Basil Mathioudakis, DG Health and Consumer Protection, European
Commission, explained that in November the Commission had
proposed a regulation on addition of vitamins, mineral and other substances to
foods. The Regulation defines the purpose for which fortification can be
allowed, such as restoration of vitamins and mineral lost in the production
process, or the production of substitute foods. Following Codex Alimentarius
guidelines, additives would be allowed when there is a deficiency and when
there is a potential to improve nutrition because of dietary habits. The
proposal has restrictions on foods to which vitamins and minerals can be added.

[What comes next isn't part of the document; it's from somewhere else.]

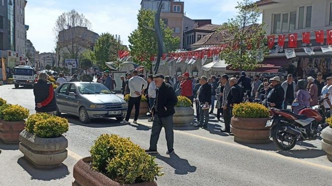 Olay, sabah saatlerinde İzzet Baysal Caddesi’nde meydana geldi. Edinilen bilgiye göre, cadde üzerinde otomobiliyle seyir halinde olan sürücü A.O., iddiaya göre yolun karşısına geçmeye çalışan yaya B.A.’ya yol vermedi. Sürücü ve yaya arasında tartışma çıktı. Tartışma sırasında yaya, sürücünün kendisine silah gösterdiğini iddia etti. Otomobilin önünden çekilmeyen yaya, durumu polise haber verdi. Polis ekipleri gelene kadar aracın başında bekleyen B.A, emekli polis olduğu öğrenilen sürücü A.O.’ya, “Yiyorsa çık dışarıya. Bende sendeki gibi silah yok, bir şey yok. Sen bana silah çektin mi, çekmedin mi?” dedi. Sürücü A.O. da karşılık vererek, “Senin amacın burada şov yapmak” dedi. İkili arasında yaşanan tartışma polisin gelmesiyle sonlandı. Sürücü A.O., olay yerine gelen polis ekibine, “Silah çektiğimi iddia ediyor. Silahım var doğrudur ama silah göstermedim. Ben emekli polisim” diye konuştu. Birbirinden şikayetçi olduğunu söyleyen A.O. ve B.A., polis ekipleri tarafından karakola götürüldü. Olayla ilgili inceleme başlatıldı.
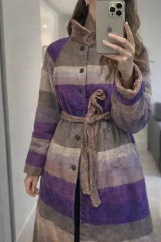 Cappotto vintage double face, un capo unico e versatile. - Realizzato in Italia. - Design a righe colorate.

Evolving science must be taken into account, such as scientific discussion on
the role of folic acid in health. The proposal was not very controversial and
will hopefully remain that way, despite a ruling by a UK court in favour of
consumer groups which refers the Food Supplement Directive to the European
Court of Justice.
The proposal is linked to
another proposal on health and nutritional claims. It depends on whether the
Council and European Parliament retain Article 4, which was under pressure of
being removed. The criteria being proposed are similar to the Directive on Food
Supplements. Perhaps Europe is ahead of the U.S. because of its intention to
limit the amount of minerals and vitamins you can add. There are two main
criteria: upper safe levels, as established by scientific data, and the amount
of nutrients that are got from other sources. For foods to which vitamins and
minerals have been added statements should be correct in provisions of claims
regulation. That’s how a link is made to the claims legislation. Products also
have to be notified.
Dónal Walshe, Secretary
General, EURO COOP, said there’s a
need for harmonisation of fortified food rules at EU- level. He welcomed the EC
proposals on food fortification as Europe had seen the growth of an unregulated
market in fortified foods which claim to be healthier. EURO COOP is concerned
that rules on use of fortification should only be possible where there is a
benefit for the consumer, and a clear public heath impact assessment. Ethical
concerns arise because consumers are facing a situation where sugary, salty,
fatty products are being fortified and marketed as healthier. EURO COOP is not
against the concept of fortification which can bring real benefits, however it
should ideally only be allowed for population groups whose intakes are lower
than recommended daily allowances. Foodstuffs which do not have the necessary
nutrient profile should not be allowed to be fortified. The EC should adopt
nutrient profiles and also look at longer-term intakes. EURO COOP supports the
EC on maximum and minimum limits as otherwise there could be excessive use, but
says the measure should go further. Fortification is not needed when consumers
have a healthy diet.
On labelling, EuroCoop
believes that consumers should have access to information in order to guarantee
freedom of choice. Nutrition labelling should appear on all foods and labels
should state recommended daily allowances. There should be a warning on labels
on maximum intake levels. There are good arguments for statements that this
food is not an alternative for balanced diets.
Discussion
- Sue Dibb - could manufacturers be prevented from adding vitamins to
the name of products. Under the proposed legislation? Basil Mathioudakis
- established brand names such as Diet Coke and Weightwatchers
cannot be touched, but in the future new rules will be taken into
account when names are registered to determine if it makes a health
claim.
- Richard Daynard - do the authorities agree it’s misleading when manufacturers
want to add 100% of daily requirements in order to sell products
as health food?
- Michelle Limoli - this was under consideration
by FDA because it’s seen as a serious problem.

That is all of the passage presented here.